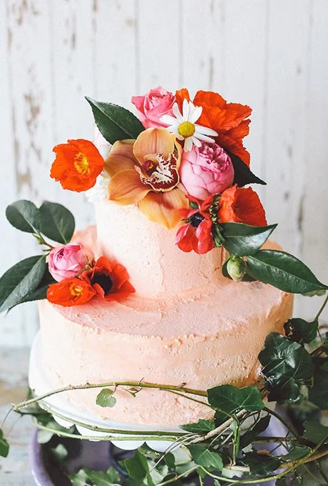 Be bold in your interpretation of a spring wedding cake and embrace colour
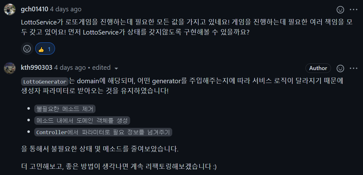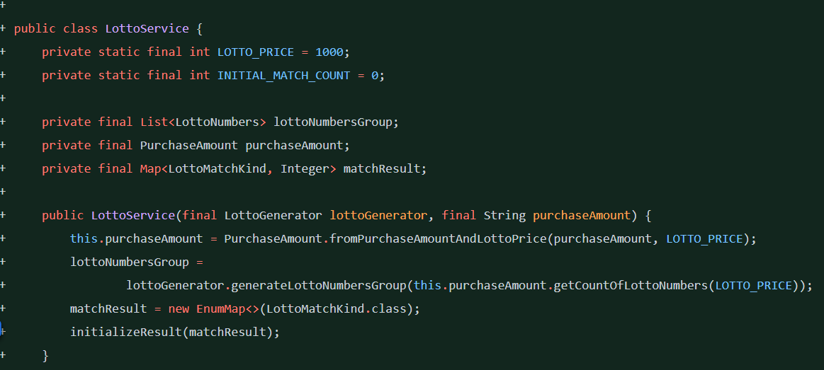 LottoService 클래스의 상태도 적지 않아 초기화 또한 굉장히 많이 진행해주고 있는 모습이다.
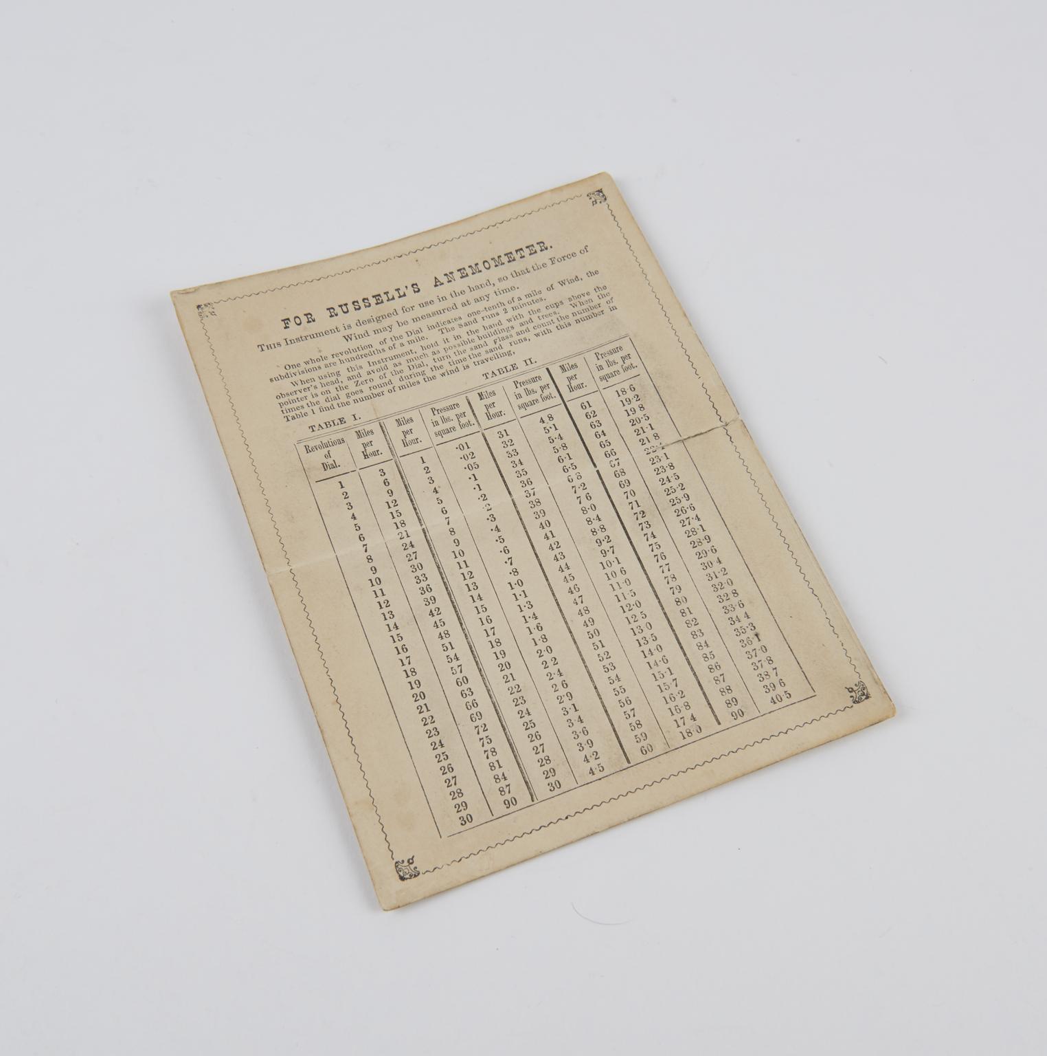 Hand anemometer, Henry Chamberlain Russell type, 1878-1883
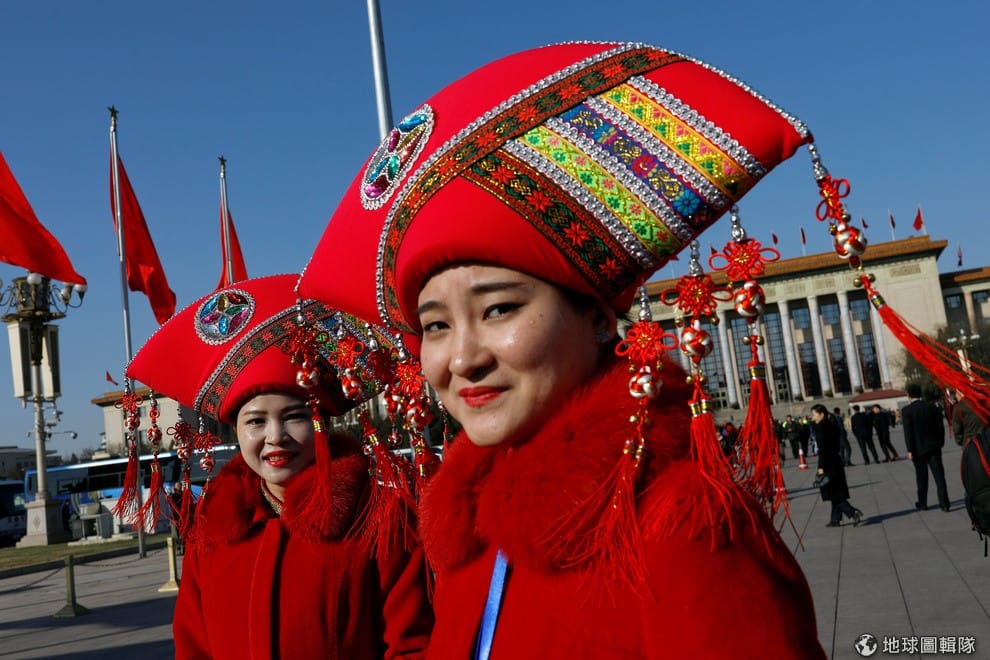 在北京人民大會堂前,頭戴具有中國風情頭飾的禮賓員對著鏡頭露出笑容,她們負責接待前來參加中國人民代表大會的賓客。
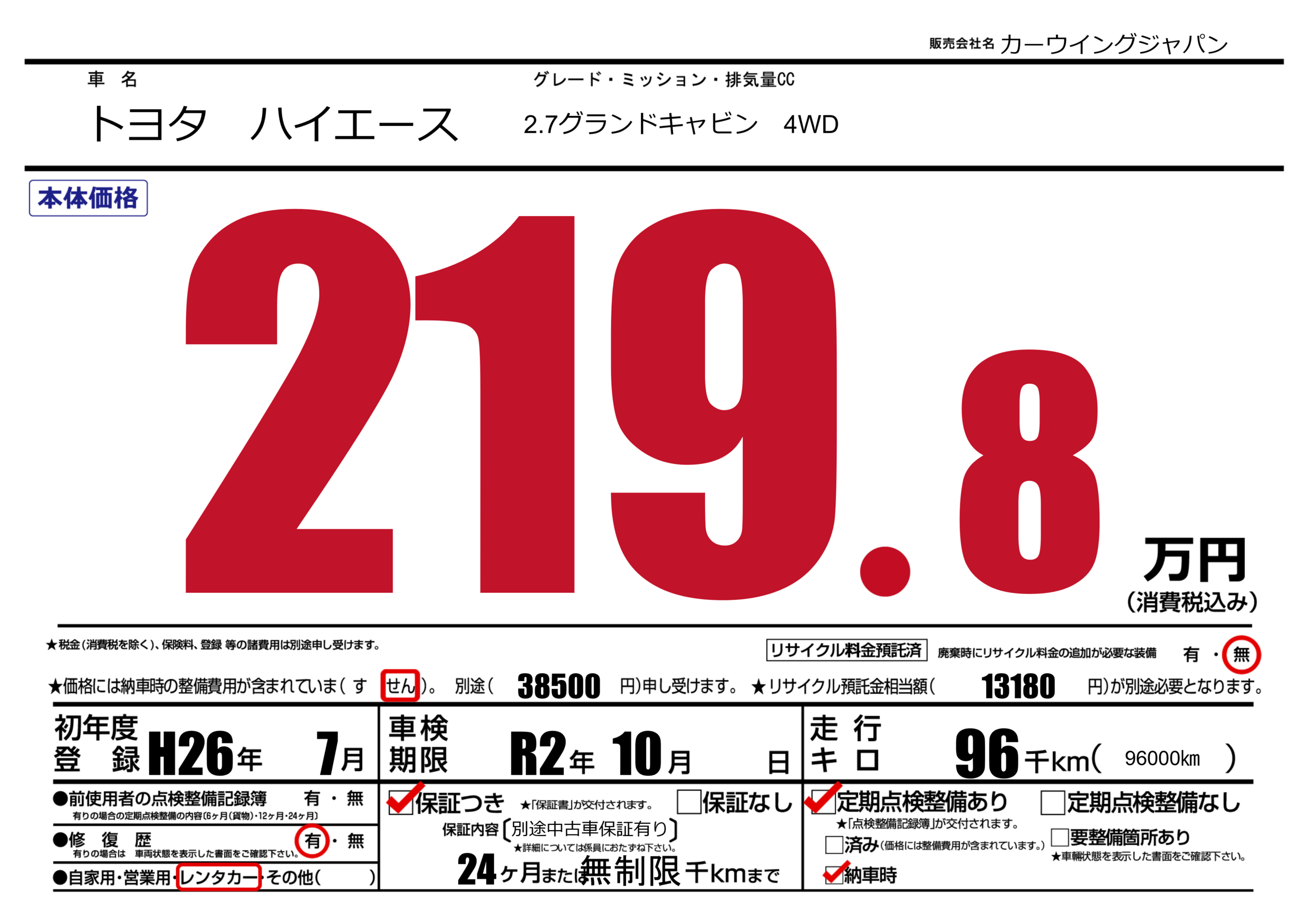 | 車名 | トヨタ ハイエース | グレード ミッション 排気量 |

● YOUR ASSIGNMENT
Transcribe only the lines between the line containing "Hand anemometer, Henry" and the final line of the listing, inclusive, exactly as they appear; no pictures are to be included.

● ANSWER BOX
 Hand anemometer, Henry Chamberlain Russell type, 1878-1883
 在北京人民大會堂前,頭戴具有中國風情頭飾的禮賓員對著鏡頭露出笑容,她們負責接待前來參加中國人民代表大會的賓客。
 | 車名 | トヨタ ハイエース | グレード ミッション 排気量 |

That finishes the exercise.